Records provided:

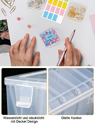【Scatole Trasparenti con Coperchio】Scatola trasparente Dimensione: 16.5cm * 12.7cm * 6.1cm (6.5 * 5.2 * 2.4in), scatola con coperchio piccole Dimensione: 5.5cm * 5.5cm * 2cm (2.16 * 2.16 * 0.79in), può ospitare le vostre esigenze diverse, grande scatola con coperchio di plastica, per garantire che tutte le scatole di stoccaggio con coperchio piccolo siano ben organizzate.
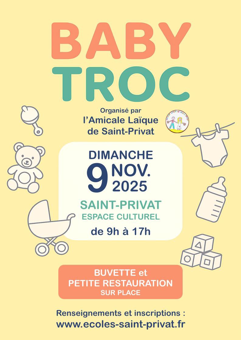 BABY TROC : Comme chaque année, l'Amicale Laïque de Saint-Privat organise son traditionnel Baby Troc !
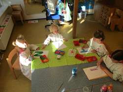 Gemeinsam haben die Kinder mit den ErzieherInnen eine Botschaft gestaltet.
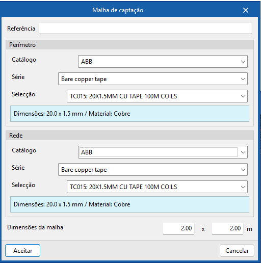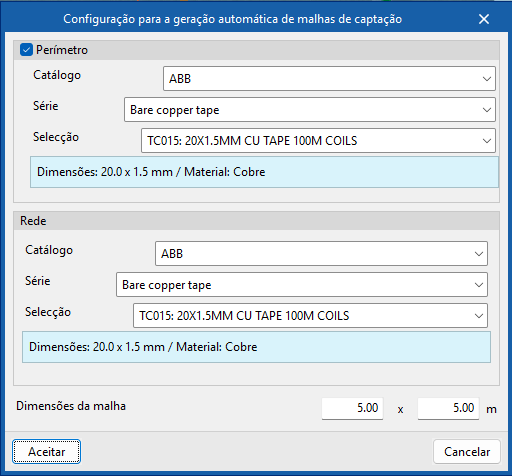 Define-se a cablagem do perímetro da malha.- Catálogo / Série / Seleção
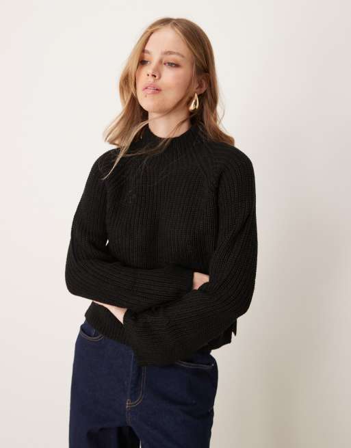 JDY - Pull fendu sur le côté à col montant - Noir

Task:
What is needed is an exact copy of the lines from the beginning of the data through the line containing "BABY TROC : Comme", both included, without any pictures.

Task response:
【Scatole Trasparenti con Coperchio】Scatola trasparente Dimensione: 16.5cm * 12.7cm * 6.1cm (6.5 * 5.2 * 2.4in), scatola con coperchio piccole Dimensione: 5.5cm * 5.5cm * 2cm (2.16 * 2.16 * 0.79in), può ospitare le vostre esigenze diverse, grande scatola con coperchio di plastica, per garantire che tutte le scatole di stoccaggio con coperchio piccolo siano ben organizzate.
 BABY TROC : Comme chaque année, l'Amicale Laïque de Saint-Privat organise son traditionnel Baby Troc !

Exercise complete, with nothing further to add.